REQUIRED ACTION> Give the listing below again exactly, but without any of its pictures.

EXERCISE DATA>
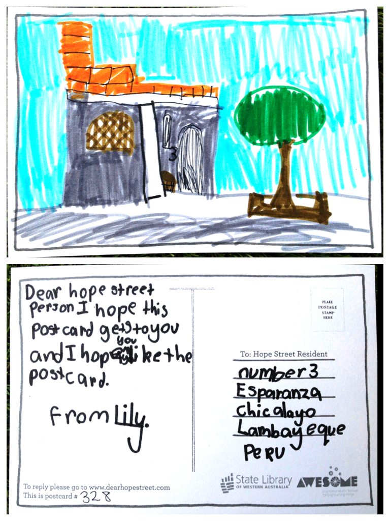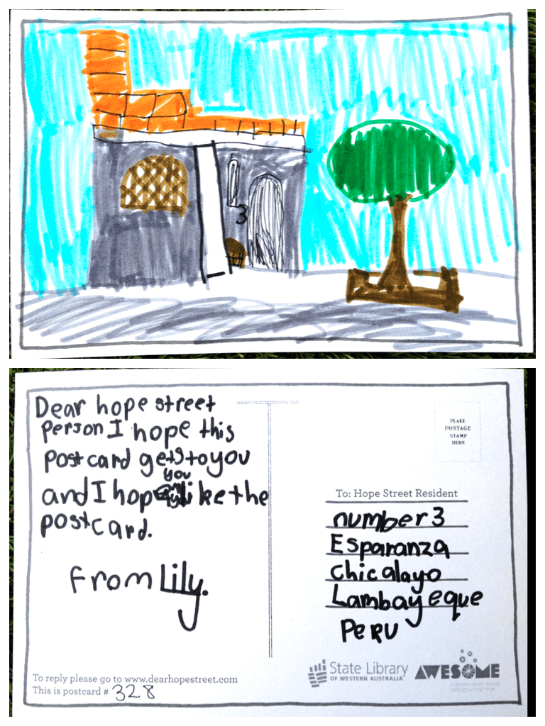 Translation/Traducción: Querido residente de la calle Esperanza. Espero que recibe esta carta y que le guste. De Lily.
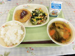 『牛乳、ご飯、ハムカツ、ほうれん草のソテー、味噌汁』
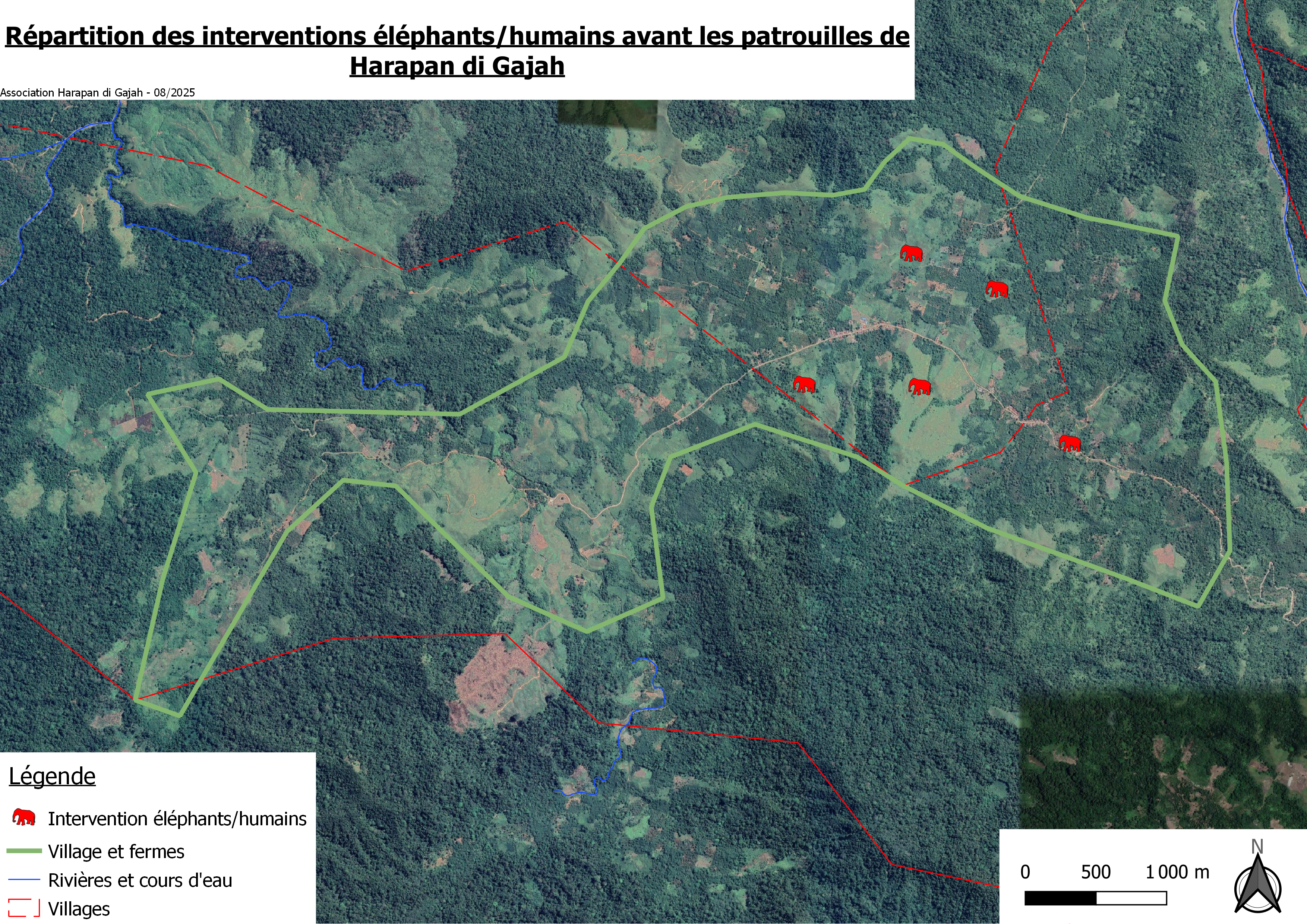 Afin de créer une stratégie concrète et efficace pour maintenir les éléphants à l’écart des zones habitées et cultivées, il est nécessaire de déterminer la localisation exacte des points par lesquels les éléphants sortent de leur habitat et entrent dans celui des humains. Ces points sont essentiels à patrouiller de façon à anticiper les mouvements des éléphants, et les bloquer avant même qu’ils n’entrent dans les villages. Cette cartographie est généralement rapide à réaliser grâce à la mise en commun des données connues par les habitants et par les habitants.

TASK RESPONSE>
 Translation/Traducción: Querido residente de la calle Esperanza. Espero que recibe esta carta y que le guste. De Lily.
 『牛乳、ご飯、ハムカツ、ほうれん草のソテー、味噌汁』
 Afin de créer une stratégie concrète et efficace pour maintenir les éléphants à l’écart des zones habitées et cultivées, il est nécessaire de déterminer la localisation exacte des points par lesquels les éléphants sortent de leur habitat et entrent dans celui des humains. Ces points sont essentiels à patrouiller de façon à anticiper les mouvements des éléphants, et les bloquer avant même qu’ils n’entrent dans les villages. Cette cartographie est généralement rapide à réaliser grâce à la mise en commun des données connues par les habitants et par les habitants.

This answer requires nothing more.